------ Entries supplied ------
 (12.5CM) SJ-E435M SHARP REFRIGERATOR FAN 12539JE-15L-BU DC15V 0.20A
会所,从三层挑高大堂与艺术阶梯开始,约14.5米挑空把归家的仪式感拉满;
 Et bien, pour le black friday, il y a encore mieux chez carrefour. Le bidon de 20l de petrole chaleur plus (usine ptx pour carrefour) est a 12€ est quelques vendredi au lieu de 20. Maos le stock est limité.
------
------ Entries supplied ------
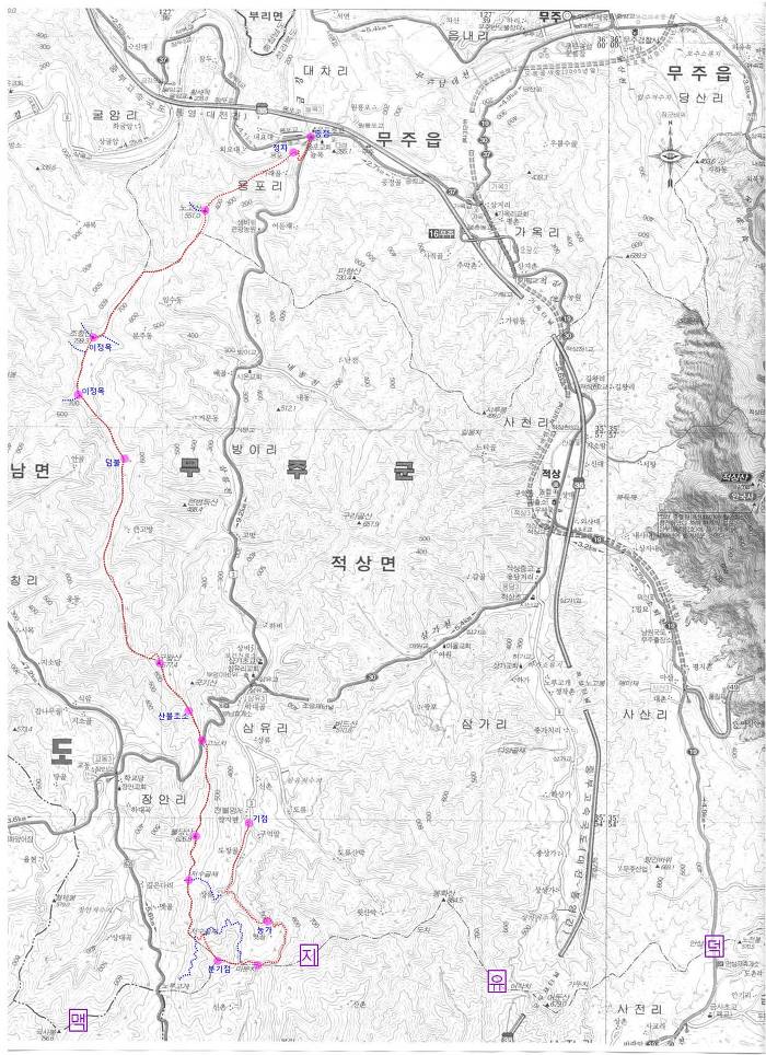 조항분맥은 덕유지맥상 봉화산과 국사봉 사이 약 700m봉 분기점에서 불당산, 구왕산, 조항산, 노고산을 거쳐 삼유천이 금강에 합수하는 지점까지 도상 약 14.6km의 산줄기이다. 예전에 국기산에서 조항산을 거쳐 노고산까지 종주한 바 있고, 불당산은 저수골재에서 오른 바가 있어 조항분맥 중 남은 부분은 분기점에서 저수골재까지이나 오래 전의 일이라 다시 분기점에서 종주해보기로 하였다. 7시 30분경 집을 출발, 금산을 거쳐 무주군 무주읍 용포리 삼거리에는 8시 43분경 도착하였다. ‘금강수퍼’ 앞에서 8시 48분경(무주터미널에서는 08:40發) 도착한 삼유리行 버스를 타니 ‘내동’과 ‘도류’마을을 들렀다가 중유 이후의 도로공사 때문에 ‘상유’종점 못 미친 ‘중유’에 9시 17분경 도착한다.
------
**Exercise prompt**
Please copy the lines in the records above between the one holding "(12.5CM) SJ-E435M SHARP" and the one holding "Et bien, pour", inclusive, exactly and with no other line.

**Answer for this exercise**
 (12.5CM) SJ-E435M SHARP REFRIGERATOR FAN 12539JE-15L-BU DC15V 0.20A
会所,从三层挑高大堂与艺术阶梯开始,约14.5米挑空把归家的仪式感拉满;
 Et bien, pour le black friday, il y a encore mieux chez carrefour. Le bidon de 20l de petrole chaleur plus (usine ptx pour carrefour) est a 12€ est quelques vendredi au lieu de 20. Maos le stock est limité.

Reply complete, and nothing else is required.